Work required:
Print the data exactly. Pictures stay out.

Source data:
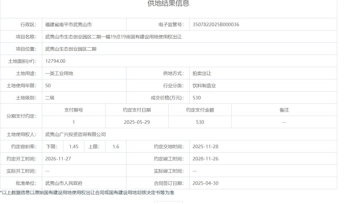 武夷山市自然资源局国有建设用地使用权招拍挂出让成交公示
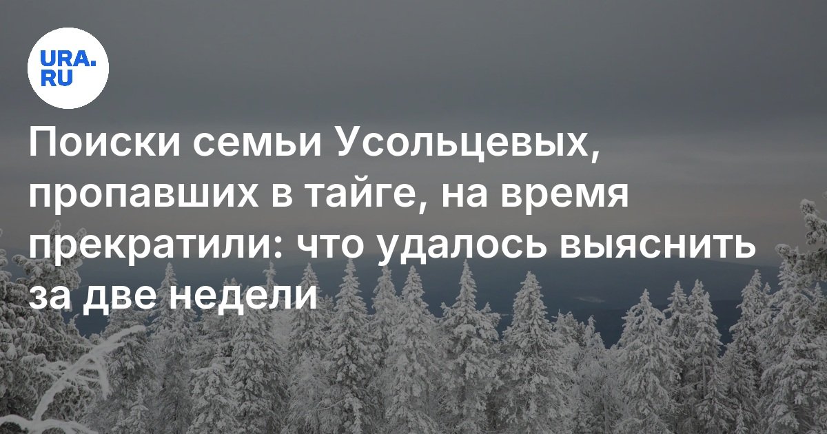 В Красноярском крае временно приостановлены поисковые мероприятия по обнаружению пропавшей семьи Усольцевых. Об этом сообщил депутат Законодательного Собрания региона Алексей Кулеш. По его словам, принято решение прекратить активные поиски из-за наступления неблагоприятных погодных условий и невозможности продолжать работы в зимний период. Что известно за две недели поисков пропавшей семьи — в материале URA.RU.
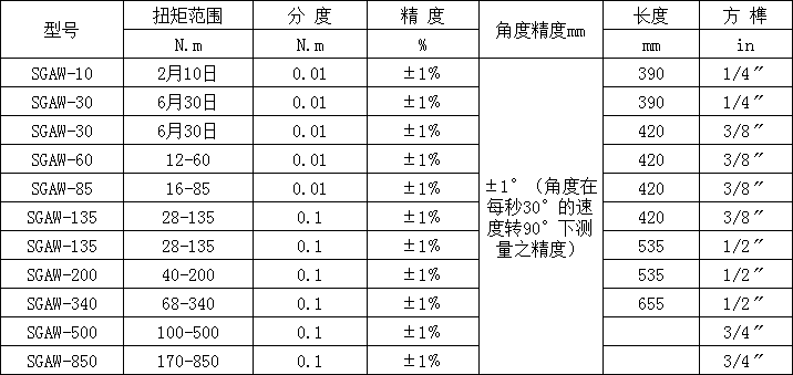 500N.m帶角度扭力扳手規(guī)格型號(hào)
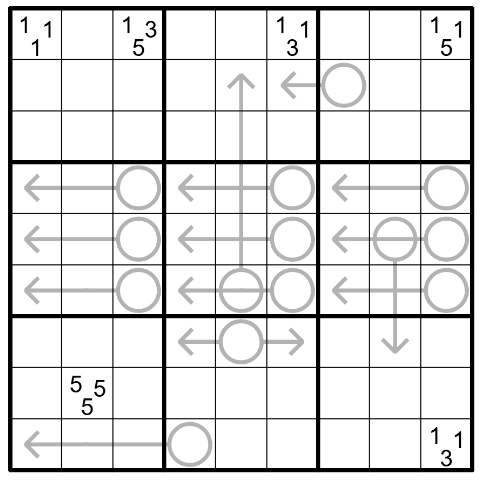 In jeder Zeile, Spalte und 3x3 Gebiet, die Anzahlen der drei Farben muss jeweils 1-3-5 sein (in irgendeiner Ordnung): dass heißt, eine der Farben kommt einmal vor, eine andere dreimal, und die letzte fünfmal. Dabei hat eine Farbe nicht notwendigerweise dieselbe Anzahl in verschiedenen Zeilen/Spalten/Gebieten.
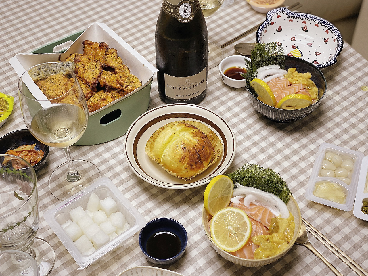 힘들 때는 남의 손을 빌리는 것이 좋다. 준비하는 사람이 즐거워야 하는데, 준비하는 사람이 스트레스라면 온 손님도 괜히 머쓱해지기 마련이다. 그래도 대접하는 건데, 배달음식이 탐탁지 않다면 마켓 컬리의 도움을 받자. 마켓 컬리를 보면 돈가스나 튀김 종류 같은 것을 많이 파는데, 그것을 밥 위에 올리면 가츠동으로 둔갑한다. 양파와 계란을 간장과 물, 설탕을 넣은 양념에 살살 조려 밥 위에 얹고, 그 위에 튀김을 얹으면 우리가 흔히 먹는 가츠동 완성이다. 비슷하게 할 수 있는 것에는 연어우니동이 있다. 마켓 컬리에서 연어와 우니를 주문해서, 정말 밥 위에 얹은 다음에 물에 담가 매운 기운을 뺀 생양파를 올려주면 끝이다. 참 쉽죠?

Solved problem:
 武夷山市自然资源局国有建设用地使用权招拍挂出让成交公示
 В Красноярском крае временно приостановлены поисковые мероприятия по обнаружению пропавшей семьи Усольцевых. Об этом сообщил депутат Законодательного Собрания региона Алексей Кулеш. По его словам, принято решение прекратить активные поиски из-за наступления неблагоприятных погодных условий и невозможности продолжать работы в зимний период. Что известно за две недели поисков пропавшей семьи — в материале URA.RU.
 500N.m帶角度扭力扳手規(guī)格型號(hào)
 In jeder Zeile, Spalte und 3x3 Gebiet, die Anzahlen der drei Farben muss jeweils 1-3-5 sein (in irgendeiner Ordnung): dass heißt, eine der Farben kommt einmal vor, eine andere dreimal, und die letzte fünfmal. Dabei hat eine Farbe nicht notwendigerweise dieselbe Anzahl in verschiedenen Zeilen/Spalten/Gebieten.
 힘들 때는 남의 손을 빌리는 것이 좋다. 준비하는 사람이 즐거워야 하는데, 준비하는 사람이 스트레스라면 온 손님도 괜히 머쓱해지기 마련이다. 그래도 대접하는 건데, 배달음식이 탐탁지 않다면 마켓 컬리의 도움을 받자. 마켓 컬리를 보면 돈가스나 튀김 종류 같은 것을 많이 파는데, 그것을 밥 위에 올리면 가츠동으로 둔갑한다. 양파와 계란을 간장과 물, 설탕을 넣은 양념에 살살 조려 밥 위에 얹고, 그 위에 튀김을 얹으면 우리가 흔히 먹는 가츠동 완성이다. 비슷하게 할 수 있는 것에는 연어우니동이 있다. 마켓 컬리에서 연어와 우니를 주문해서, 정말 밥 위에 얹은 다음에 물에 담가 매운 기운을 뺀 생양파를 올려주면 끝이다. 참 쉽죠?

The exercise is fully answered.